ふじのくにラボ

概 要

地域に紐づいた和食文化を次世代へ継承することを目的とし、伝統芸能及び土地の風習・風俗に付随する食文化の調査・再現・アレンジなどを実施する料理人で構成された団体。

2020年度
ふじのくにラボ

国指定の無形文化財として登録されている小國神社十二段舞楽、天宮神社十二段舞楽、山名神社天王祭舞楽の食に着目したプロジェクト。

舞手が踊る前に食べていた特別な意味合いをもった食事があり、文献には食材の発注書のみが残る。そこから当時の食事の再現、そして継承のために現代版にアレンジしたレシピの開発・提案といったことがこれまで行われてきました。2020年度はそうした内容を取りまとめた冊子の作成を中心として活動する予定でしたが、神事自体が中止となり追加取材が難しい状況となったため、予定を大幅に変更し、これまでの調査で得た素材を元に冊子データの構成づくりをすすめるにとどめました。

《担当コーディネーターのふりかえり》

祭事に付随している食文化にスポットをあて、その掘り起こしと現代での継承方法を探るプロジェクト。

料理人である団体代表の地元・森町に伝わる舞楽には、催事に密接に関係した食文化があった。例えば、神事である舞楽の舞手が事前に食べる献立の中には、こんもり盛られた赤飯に箸が突き立てられている茶碗があり、それを食べることで舞手は人間という存在から一歩離れた存在になるという意味を持たせていたそうである。

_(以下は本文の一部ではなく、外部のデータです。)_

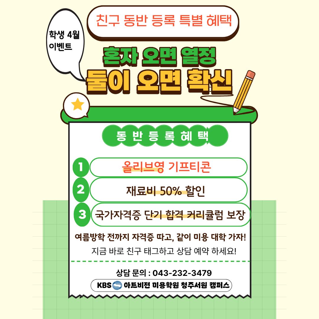 4월 학생 이벤트! 친구 동반 등록 특별 혜택! 페이지 정보 작성자 관리자[청주] 작성일26-04-01 11:02 조회332회 댓글0건 관련링크 이전글 목록 본문 동반 등록 혜택1. 올리브영 기프티콘 제공✔️보상으로 시작의 동기를 확실히 만들어드립니다.2. 재료비 50%할인3. 국가자격증 단기 합격 커리큘럼✔️검증된 교육 시스템으로✔️불필요한 과정 없이 ‘합격’에 집중합니다.■ 이런 분들에게 추천합니다미용을 처음 시작하는 고등학생 ■ 지금이 가장 좋은 타이밍입니다여름방학 전까지 자격증 취득 후미용 대학 진학까지 연결할 수 있는 로드맵을 제공합니다.단순히 배우는 것을 넘어진로까지 설계하는 교육을 경험해 보세요. 이전글 목록
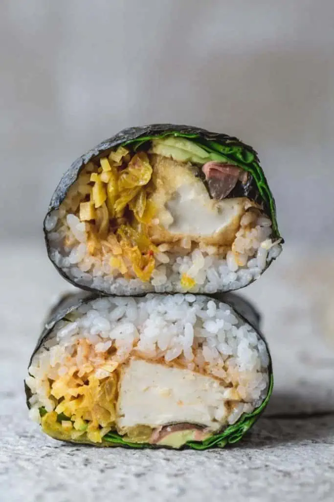 Love vegan sushi and burritos? Then look no further than this delicious vegan and gluten-free wrap recipe from My Goodness Kitchen. Steamed rice, crispy tofu, kimchi, and more all come together in a nori wrap to deliver a serious flavor party.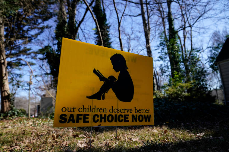 A sign that reads “our children deserve better safe choice now” is seen on Friday, Jan. 15, 2021, in Decatur, Ga. Just down the road from the U.S. Centers for Disease Control and Prevention, in a community flush with resident health professionals, the Decatur school system had no shortage of expert input on whether to resume in-person classes amid the coronavirus pandemic. Scores of public health and medical professionals from the affluent, politically liberal Atlanta suburb have weighed in about what’s best for their own kids’ schools.(AP Photo/Brynn Anderson)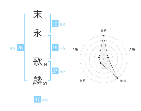 末永 歌麟さんの総格は47画の5点!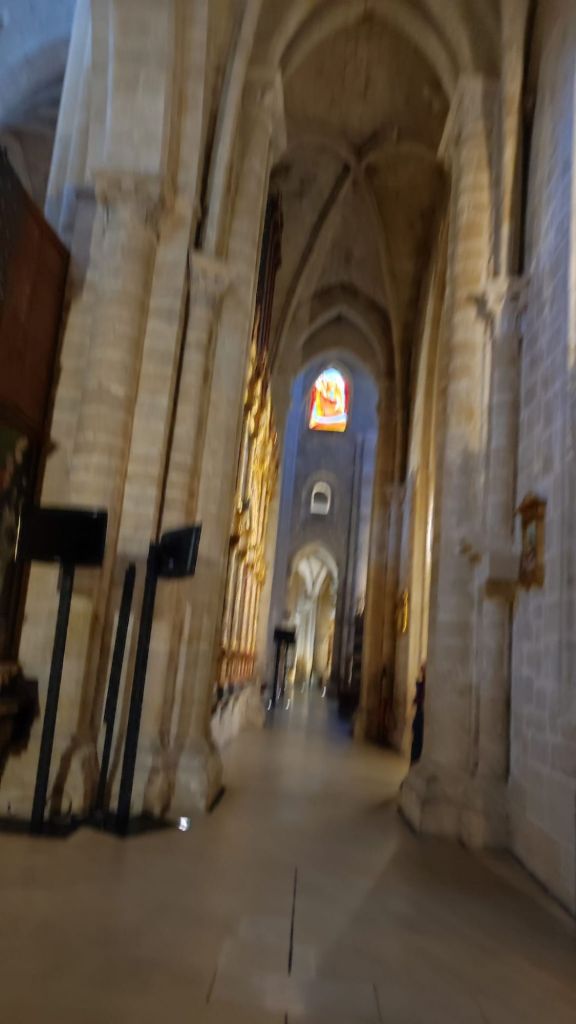 Por la tarde, en medio de un impresionante aguacero, hacemos una visita cultural en la que visitamos la catedral y el museo que vale mucho la pena. En la catedral nos detenemos especialmente en la Capilla de Santa Teresa, la Cripta, con unos mosaicos impresionantes, el sepulcro del Santo, el gallinero que conmemora el milagro de Santo Domingo que salvó a un joven injustamente acusado de robo. En la entrada a la Catedral están incluidas una visita a la torre Exenta, con una colección de relojes y campanas impresionante y una vista al Convento de San Francisco que culminan una jornada plena de emociones.

また全国各地にあるお祭りや風習にも同じく食文化が対となって存在し、地域性や風土と呼応し、その時々の収穫物や、祭事だからわざわざ取り寄せる食材を扱う等、土地毎に独特の文化としてあったはずである。このプロジェクトでは、そうした風習のひとつとして、森町の舞楽に付随した食文化を「舞楽食」と名づけ取り上げている。

 

令和元年度には冊子の台割をとりまとめた。今年度4月からさらに追加取材を重ね、冊子の作成に入ろうとしていた矢先の新型コロナウイルス感染拡大であったため、そもそものお祭りが中止となってしまい、計画にブレーキをかけざるをえなかった。そこで今年度は、これまでのリサーチと取材を通してわかってきていることを台割に入れ込み、まとめ冊子のビジュアルイメージを先行して固めることになった。

(鈴木一郎太)

2019年度
ふじのくにラボ

「遠州森町の舞楽・舞楽食 ~食文化~次世代に繋ぐ~」

第1部 知ってみよう森町の舞楽の世界 小國神社舞楽「色香」の舞 解説・実演

田鍬智志氏(京都市立芸術大学日本伝統音楽研究センター准教授)

北島恵介氏(森町教育委員会社会教育課技監)

白幡富幸氏(遠江国一宮小國神社古式舞楽保存会)

第2部 時代を経て遠州森町の舞楽食

・寛政年間の舞楽食再現・舞楽食試食・座談会

・講演 食文化~次世代に繋ぐ~ 高島知佐子氏(静岡文化芸術大学准教授)

日 時

2019年11月18日(月) 18:00~20:40

会 場

静岡文化芸術大学 食堂

参加者

100名

《担当コーディネーターのふりかえり》

「舞楽食」は団体によってつくられた造語です。

しかし改めて考えてみたら、かなりの時間をかけて舞を奉納するのだからお腹もすきます。そしてその食事は神様の前で食べるものになるわけですし、そこになんらかの考えやしきたりや特徴があってもおかしくありません。輸送手段が限られていた頃では、その地で手に入る物で調理するわけで、誰が何も言わずとも地産地消となりますし、毎年定期開催されることで子どもたちにとったら旬を知ることにもつながることかもしれません。

まだスタートしたばかりですが、料理人たちがそこに目を向け、ただの調査ではなく、現代の状況やニーズに合わせた形をつくりだすスタンスに期待しています。